Die 43-jährige Thüringerin kümmert sich ab sofort um das Tagesgeschäft in Altena. Sie ist neben Michael Kaufmann die zweite Geschäftsführerin der Lenne-Kliniken, die das Haus zum 1. Januar übernommen haben. Damit seien die Zukunft des Krankenhauses und des Pflegeheims und insgesamt 220 Arbeitsplätze gesichert, erklärten die beiden gestern. Sie streben eine enge Zusammenarbeit mit dem Plettenberger Krankenhaus an, wo Kaufmann ebenfalls Geschäftsführer ist. Ziel sei es, auf allen Gebieten zu kooperieren, um die Zukunft beider Häuser zu sichern und den Bewohnern des Lennetals eine „wohnortnahe, qualitativ hochwertige medizinische und pflegerische Betreuung anzubieten“, heißt es in einer Presseerklärung zum Eigentümerwechsel.

 „Alles und jedes im Krankenhaus“ komme jetzt auf den Prüfstand, kündigte Andrea Arnold an. In den kommenden Wochen und Monaten werden also Kosten, Abläufe und Strukturen hinterfragt und auf Verbesserungsmöglichkeiten untersucht. Dabei werde sich aber an den Grundsätzen nichts ändern, versicherte Kaufmann: St. Vinzenz bleibe ein Haus der Grundversorgung mit innerer und chirurgischer Abteilung, auch die Geriatrie werde weiter eine wichtige Rolle spielen. Auch an der Notfallversorgung werde nicht gerüttelt. Gedanken müsse man sich über das Personal machen, sagte Arnold: Die Unsicherheit der vergangenen Monate habe dazu geführt, dass viele Stellen nicht besetzt seien und der Arbeitsdruck dadurch sehr groß sei. 

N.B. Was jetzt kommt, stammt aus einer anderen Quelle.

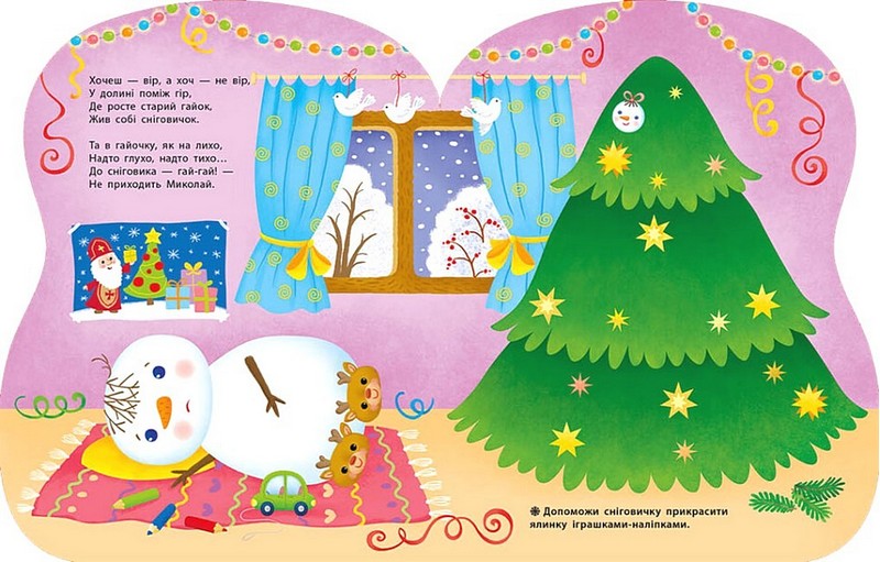 Серія «Наліпки для найменших» — це одночасно і книжка-іграшка у формі ялинки чи будиночка, сніговика чи різдвяної шкарпеточки, і веселе святкове дозвілля! У книжці на малюка чекає коротенька віршована історія та прості завдання з наліпками. Дорослий читає віршик і завдання, а малюк клеїть на сторінки великі, зручні наліпки. Книжки серії допоможуть розвивати мовлення, увагу, допитливість та дрібну моторику. У книжці «Сніговик» на вас чекає добра святкова історія про Сніговичка. Подаруйте собі й малюкові святковий настрій!

Erweiterung des Heims geplant

Die beiden Geschäftsführer stellten gestern bei Antrittsbesuchen unter anderem im Rathaus auch Marita Sievers vor. Sie ist Leiterin des dem Plettenberger Krankenhaus angegliederten Pflegeheims und wird in gleicher Funktion zusätzlich auch in Altena tätig. Geplant ist eine Erweiterung des Heims. Entsprechende Gespräche seien mit der Heimaufsicht beim Märkischen Kreis bereits geführt worden, sagte Kaufmann gestern.

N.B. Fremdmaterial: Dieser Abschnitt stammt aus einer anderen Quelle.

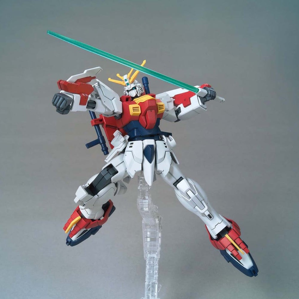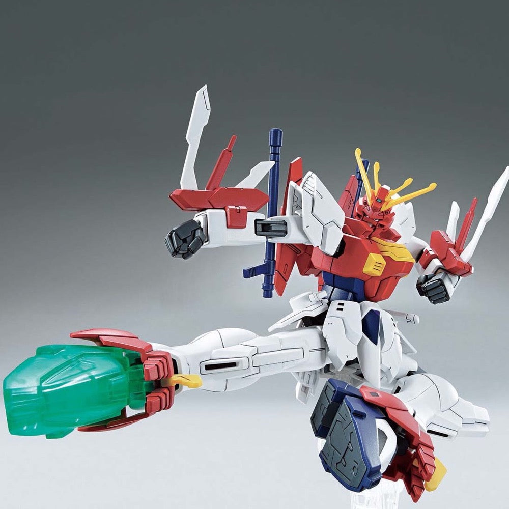Original mecha from this project are now being released as HG model kits from Bandai, able to be customized just like in the game! Blazing Gundam is customized with the concept of God Gundam's "brother" machine, and is inspired by "brother" pairs such as Rising Gundam and Shining Gundam. The joints allow for a wide range of movement, and emerald-green foot parts are included for its special foot attack technique! It's also equipped with a pair of beam tonfas, with clear green parts. This kit can be built with a maskless head if you prefer as well.

Spezialist für Parkgebühren

Auch Michael Leisner stellte sich in Altena vor – er ist Bevollmächtigter der Schweizer Palanx Holding AG, der die Lenne-Kliniken gehören und die wirtschaftlich mit der Abaleo AG verflochten ist. Dabei handele es sich im einen IT-Anbieter, der Softwarelösungen auch für Krankenhäuser anbiete, hieß es gestern. Allerdings befindet sich dieser Geschäftszweig noch im Aufbau, die Restrukturierung der IT-Landschaft des Plettenberger Krankenhauses ist die einzige diesbezügliche Referenz auf der Homepage. In erster Linie kümmert sich Abaleo um Softwarelösungen für die Parkraumbewirtschaftung.

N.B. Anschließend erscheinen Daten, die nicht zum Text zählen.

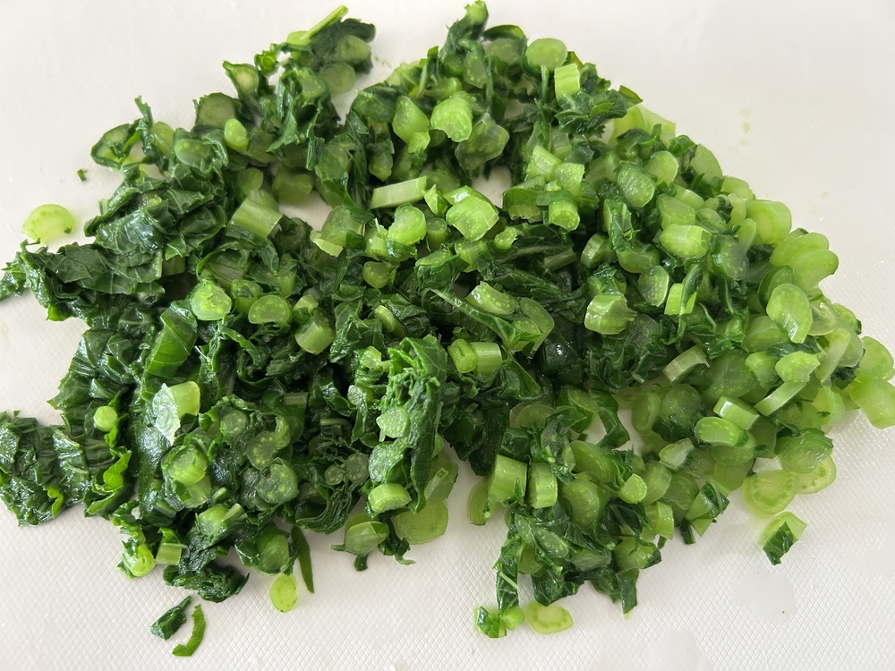 1.冷凍大根の葉を軽く解凍し、水分を絞って細かく刻む

Sievers wird nicht die Einzige sein, die zwischen Altena und Werdohl pendelt. Auch die Pflegedienstleitung wird nun von Plettenberg aus erfolgen, Anästhesisten und andere Ärzte werden in beiden Häusern eingesetzt. Die Belegschaften beider Häuser seien froh über die neuesten Entwicklungen, schilderten die beiden Geschäftsführer gestern. In Altena wird ihnen das dadurch erleichtert, dass Dr. Rüdiger Balbach den Posten des ärztlichen Direktors übernimmt – er genießt auch Jahre nach seiner Pensionierung noch hohes Ansehen bei Mitarbeitern, Personal und niedergelassenen Ärzten. Er sei zwar bereit, bei Engpässen in der internistischen Abteilung aktiv mitzuarbeiten, sagte Arnold gestern.

Im Normalfall sei Balbachs Aufgabe aber die Organisation der medizinischen Versorgung und deren Überwachung. In den kommenden vier Wochen steht er allerdings nicht zur Verfügung, weil er einen schon lange geplanten Urlaub bei seinem in Südafrika lebenden Sohn macht.